Após o café, levou-me para conhecer uma das obras que sua empresa estava construindo na cidade e falou-me do quanto estava otimista com aquela empreitada. Eu tinha muita teoria e, sabendo que fui boa aluna, acho que me saí bem. O dia passou muito rápido, quanto mais nos falávamos, mais tínhamos o que dizer. Acabamos, assim, por passar o dia juntos. Quando me deixou em casa, no final da tarde, agradeceu a companhia e disse que tinha de viajar no dia seguinte, mas que ficaria muito feliz se pudéssemos jantar juntos.

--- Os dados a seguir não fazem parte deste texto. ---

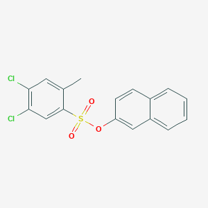 The mechanism of action of Naphthalen-2-yl 4,5-dichloro-2-methylbenzenesulfonate involves its interaction with molecular targets through its sulfonate and naphthalene moieties. These interactions can lead to various biochemical effects, depending on the specific application and target molecule. The exact pathways and targets are subject to ongoing research and may vary based on the context of use.

Às vinte horas, conforme combinado, lá estava aquela criatura que já povoava todos os meus sonhos, na minha porta. Durante o jantar, olhando me nos olhos, ele falou que tinha uma proposta a me fazer. Disse que no seu escritório tinha vaga para dois trainees e, que uma poderia ser minha. Segurei a emoção e disse que responderia depois. Enviei meu currículo para o celular dele, ali mesmo. A conversa rolou até altas horas. Era como se nos conhecêssemos há muito tempo.

Quando foi me deixar em casa, insistiu que eu respondesse se aceitava o desafio da sua proposta, e eu confirmei. Disse-me, então, que no dia seguinte me pegaria por volta das seis da manhã para viajarmos para a capital. Entrei no meu quarto, mas dessa vez o sono não veio. Eu não queria acreditar que tanta coisa estava acontecendo e com tanta velocidade. Será que eu estava processando direito? Olhei tudo ao meu redor, tomei um banho demorado, fiz minha mala, relembrei os últimos acontecimentos e, por fim, deitei e apaguei.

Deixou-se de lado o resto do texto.